Excessive and moderate alcohol consumption was reported for 25.1% and 22.0% of users, respectively; 29.6% never drank or did not drink in the previous year, and no information was available for 23.3%. With regard to use of illegal drugs, 49.5% never used drugs, 16.0% were current users, 8.0% were former users, 4.9% had only experimented with drugs, and 21.6% did not provide information on consumption (Table 2).
In the outcomes of the prevalent cases, the incidence of treatment default and failure in the directly monitored subgroup was higher (p < 0.05, RR = 5.72, 95%CI 2.65;12.34) than that in the indirectly followed up subgroup (RR = 8.31, 95%CI 1.08;63.92). During the study period, the incidence of treatment default was 11.9% considering the 504 reported cases (53 among the directly followed-up patients and seven among the indirectly followed up patients), 16 of which were correctly reported to SINAN, and 44 were detected either by direct follow-up, were not acknowledged, or were placed under another classification in that system (Table 3). The 16 treatment defaults that were correctly notified represented 26.7% of the total number that would be evaluated (60) if the remaining 44 cases had been included.
Table 3. Comparison of outcomes of the prevalent cases of tuberculosis between directly followed up and indirectly followed up patients. Juiz de Fora, MG, Southeastern Brazil, 2008-2009.

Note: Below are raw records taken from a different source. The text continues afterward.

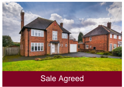
61 Brickbridge Lane, Wombourne, Wolverhampton
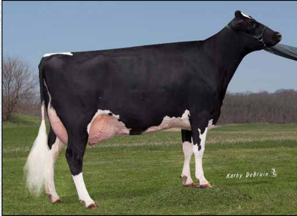
JEFFREY-WAY SAPHIRE EX-94 4E 2ND DAM OF LOT 30
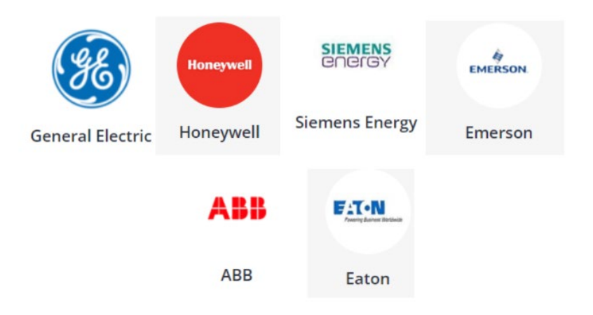
Exhibit 2: Key Competitors of Schneider Electric
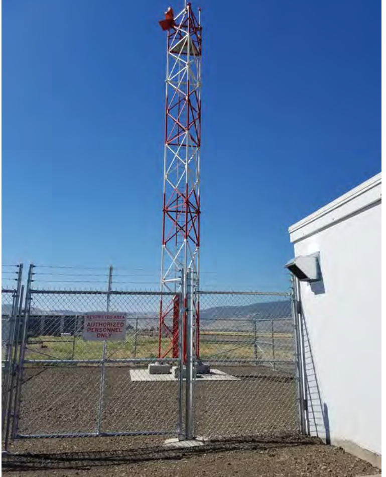
Left: La Grande Airport Beacon

Below: Lexington Airport apron reconstruction.
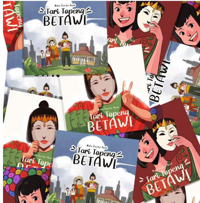
Figure 5. Color and Texture in “Tari Topeng Betawi”

The colors used will adjust to the part of the story that is presented, with a detailed final touching texture so that it can amaze and be liked by children.
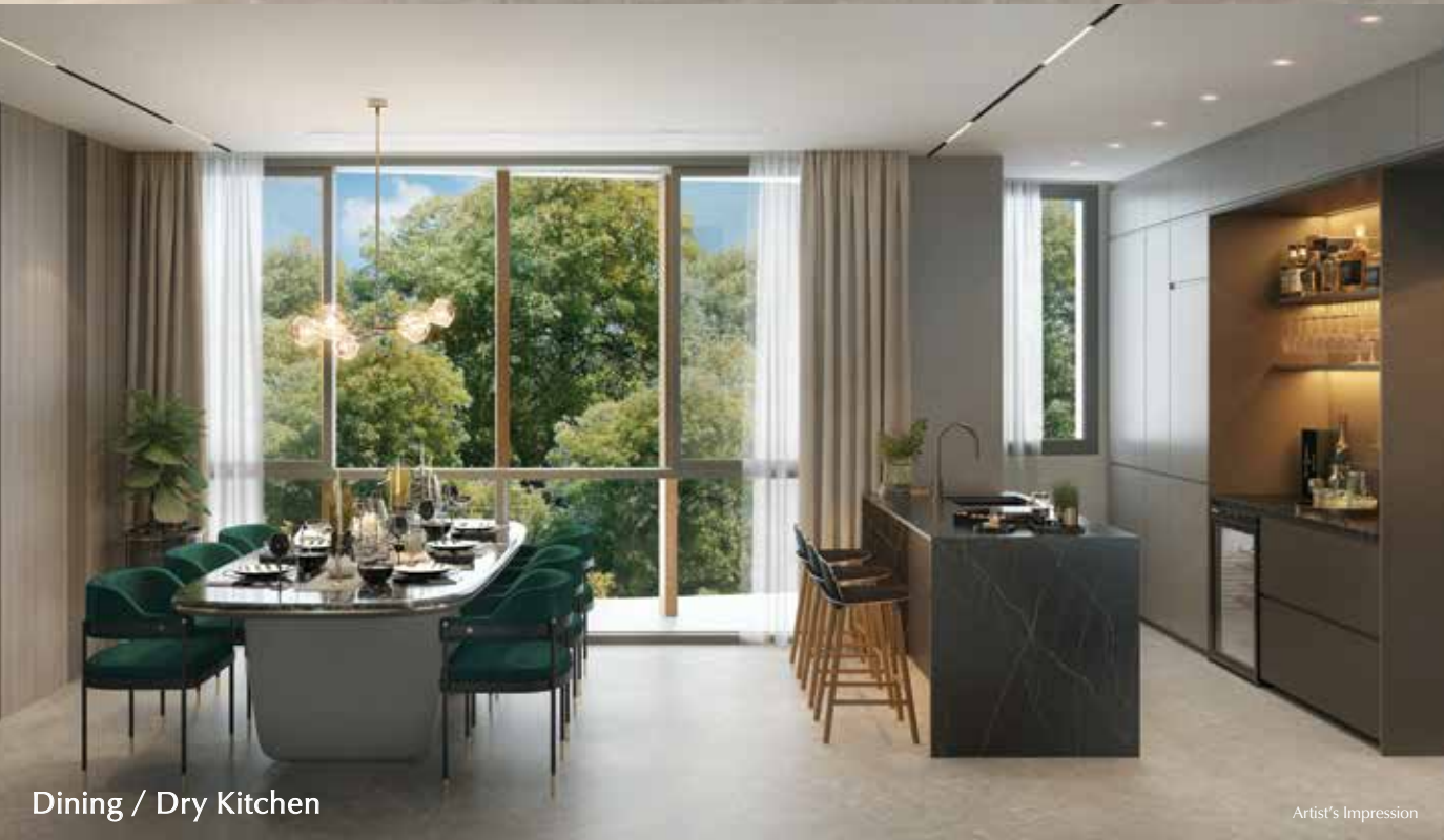
Dining / Dry Kitchen
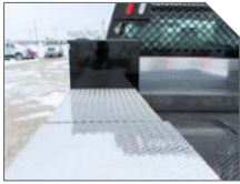
ADDITIONAL ALUMINUM TREAD PLATE OVERLAY
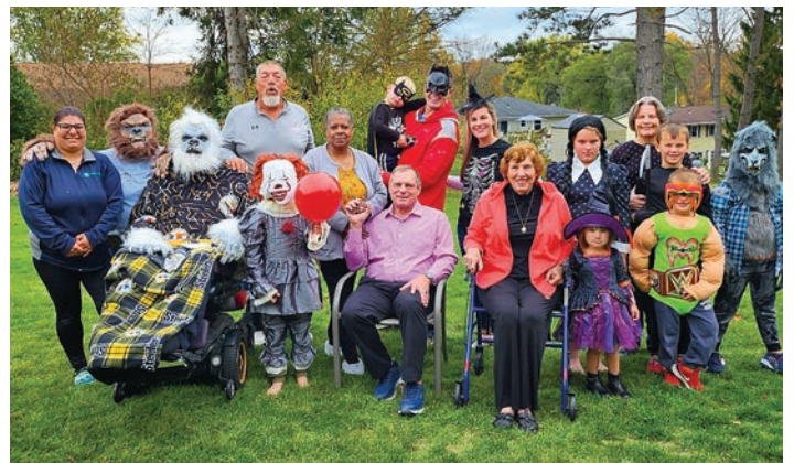
Members wearing costumes at A-L102 Halloween Party
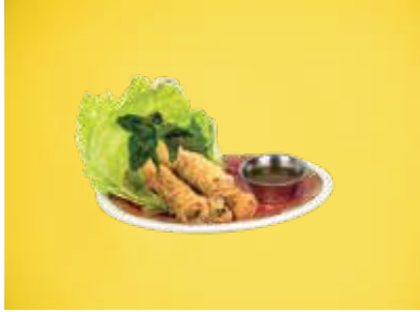
Sweet Potato Net Rolls (ve) $12
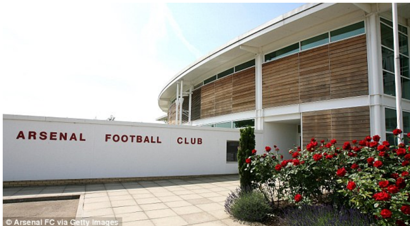
Behind the scenes: A fan was given a tour of the training complex, apparently by the club doctor

More damaging for the club, though, was the image of the manager's office and desk, as well as a snap of the whiteboard which revealed German star Lukas Podolski would not feature in Sunday's game at Chelsea.

Outcome | Follow-up | Relative Risk | 95%CI | p | |||||
---|---|---|---|---|---|---|---|---|---|
|
|||||||||
SINANa | Indirect | Direct | |||||||
|
|
|
|||||||
n | % | n | % | n | % | ||||
Cure | 418 | 82.9 | 180 | 82.9 | 172 | 59.9b | 1.38 | 1.23;1.54 | < 0.001 |
Treatment default | 16 | 3.2 | 7 | 3.2b | 53 | 18.5 | 5.72 | 2.65;12.34 | < 0.001 |
Deaths | 42 | 8.3 | 18 | 8.3 | 22 | 7.7b | 1.08 | 0.59;1.96 | 0.92 |
Transfer | 3 | 0.6 | 1 | 0.5b | 23 | 8.0 | 17.39 | 2.36;127.8 | < 0.05 |
Failure | 3 | 0.6 | 1 | 0.5b | 11 | 3.8 | 8.31 | 1.08;63.92 | < 0.05 |
Incomplete data | 22 | 4.4 | 10 | 4.6 | 6 | 2.1b | 2.20 | 0.81;5.97 | 0.18 |
Total | 504 | 100 | 217 | 100 | 287 | 100 |
a Notifications to the Sistema Nacional de Agravos de Notificação (SINAN – Information System for Reportable Diseases).
b Denominator of relative risk (subgroup of reference).

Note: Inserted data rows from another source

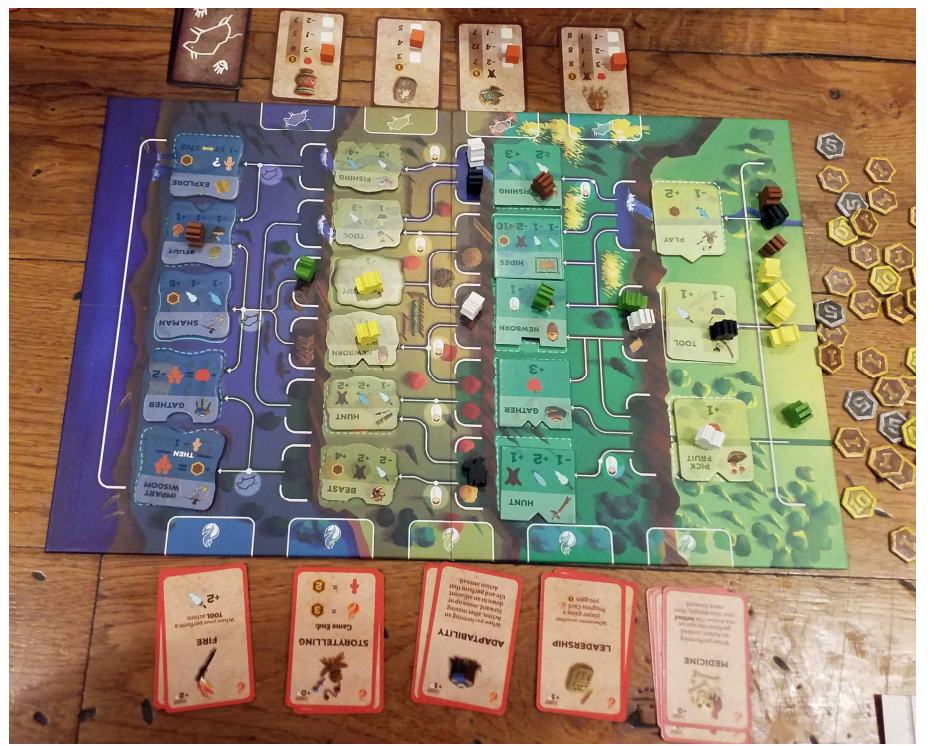
An upside-down view of Dawn of Mankind in play: plenty of Progress cards remain (bottom) and some art has been created (the markers on cards at the top)

re-born in due course. Yes, it's reincarnation for meeples. When resting, you may also change food into points or use all your food to add a new baby to the starting Ready area. Note that players generally only Rest when they absolutely have to as taking an action is usually more valuable.
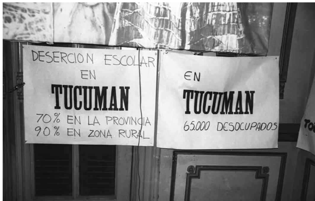
Tucumán Burns , poster, Confederación General del Trabajo de los Argentinos (CGT-A), Rosario, 1968

To fully understand Tucumán Burns , it is not enough to consider its exhibition devices, which I will elaborate shortly. Researchers and curators now tend to confuse the different installments of the exhibition with the whole event, but they were just one phase—and not even the final one—in a sequence whose fundamental goal was to produce a massive work of counter-information.
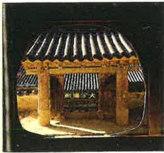
The entrance to the library where the Tripitaka Koreana wood blocks are kept.

Another path leads from behind the main hall of Haeinsa Temple to Paengnyŏnam Hermitage, about 1 kilometer southeast of the temple. It is a small temple where many Zen meditators sit year-round. Down the slope from this hermitage are two other hermitages Kugilam and Yaksaam. Both are residences and study halls for nuns; the former for the Zen education of nuns, and the latter for girls aspiring to become nuns. High Priest Yujŏng (Samyŏngdang), who commanded a contingent of militant monks during Hideyoshi's invasion of Korea, died in Kugilam Hermitage in 1610. His memorial stone statue, which the local Japanese police destroyed in the 1940s, was reassembled and erected alongside a stream beside the hermitage.
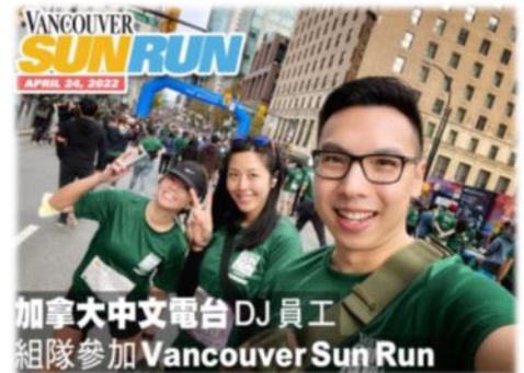
加拿大中文電台 DJ 員工 組隊參加 Vancouver Sun Run
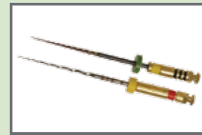
Two examples of low cost NiTi files: EdgeFile by EdgeEndo (upper) about $4, and EndoFlex by Henry Schein (lower) about $6

CR surveyed clinical users and performed controlled tests to compare low-cost files to conventional files to determine notable similarities and differences. The following report includes survey data on current use, a comparison of low-cost files to other popular brands, clinical tips, and CR conclusions.
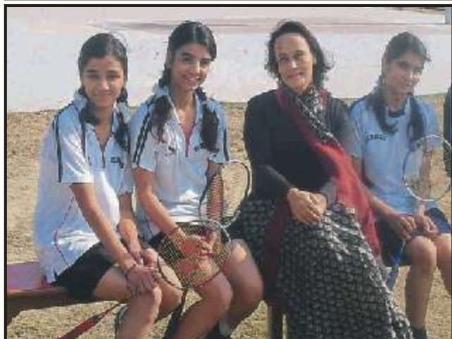
Junior Girls -II Runners-Up

Students of our school participated in the Zonal Badminton Tournament, which was held at SKV, B-3, Paschim Vihar and was conducted by Delhi Administration (Zone XVII) for the year 2012-2013 from 28 th August to 7 th September. Our senior girls emerged champions against SMS Girls Sr. Sec. School, the Sub Junior Girls defeated SKV, B-3 Govt. School and our Senior Boys emerged winners against Little Angels School.

The incidence of treatment default in the directly followed-up population remained higher (p < 0.01, RR = 8.22, 95%CI 2.99;22.58) for the outcomes of the new cases (Table 4).

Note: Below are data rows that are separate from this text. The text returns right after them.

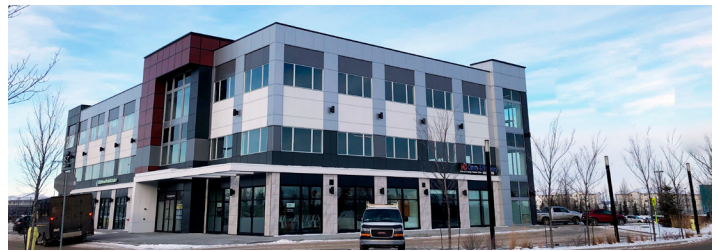
TRI WELLNESS PROFESSIONAL BUILDING
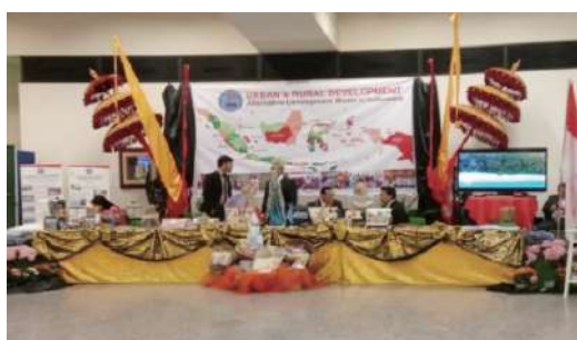
One of the 44 exhibits: Alternative Development Programme by the Government of Indonesia

The SDGs were present in all statements, discussions and papers. The INCB Director recalled the recommendations on gender issues in the INCB report 2016. I also want to reiterate here the ICW resolution on “Women and Drug Abuse” adopted in 2003 and the CND 2017 Side event by ICW and WIZO “Addiction and Gender”. Listen first” is an UNODC Initiative stating: listening to children and youth is the first step to help them grow healthy and safe. It concentrates on the SDGs 3, 5 and 16. www.unodc.org/listenfirst . Strong Families Programme
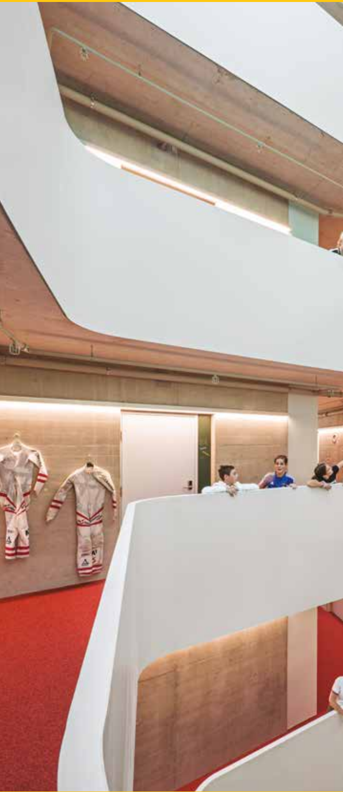
School Campus Neustift, Neustift im Stubaital, Austria Architects: fasch&fuchs.architekten Collaborators: Structural engineering: Werkraum Ingenieure ZTgmbH / Building physics: EXIKON_skins / Collaborator (external): Arch. DI Günter Bösch / Art: Hanna Schimek und Gustav Deutsch

Table 4. Comparison of outcomes of the incident cases of tuberculosis between directly and indirectly followed up patients. Juiz de Fora, MG, Southeastern Brazil, 2008-2009.
Closures | Follow-up | Relative Risk | 95%CI | p | |||||
---|---|---|---|---|---|---|---|---|---|
|
|||||||||
SINANa | Indirect | Direct | |||||||
|
|
|
|||||||
n | % | n | % | n | % | ||||
Cure | 362 | 86.1 | 164 | 86.3 | 152 | 65.8b | 1.31 | 1.17;1.46 | < 0.001 |
Treatment default | 9 | 2.1 | 4 | 2.1b | 40 | 17.3 | 8.22 | 2.99;22.58 | < 0.001 |
Deaths | 31 | 7.3 | 14 | 7.4 | 17 | 7.3b | 1.00 | 0.50;1.97 | 0.85 |
Transfer | 3 | 0.7 | 1 | 0.5b | 12 | 5.2 | 9.87 | 1.29;75.21 | < 0.05 |
Failure | 0 | 0.0 | 0 | 0.0b | 5 | 2.2 | 9.05 | 0.50;162.7c | 0.09 |
Incomplete data | 16 | 3.8 | 7 | 3.7 | 5 | 2.2b | 1.70 | 0.54;5.27 | 0.52 |
Total | 421 | 100 | 190 | 100 | 231 | 100 |
a Notifications to the Sistema Nacional de Agravos de Notificação (SINAN – Information System for Reportable Diseases).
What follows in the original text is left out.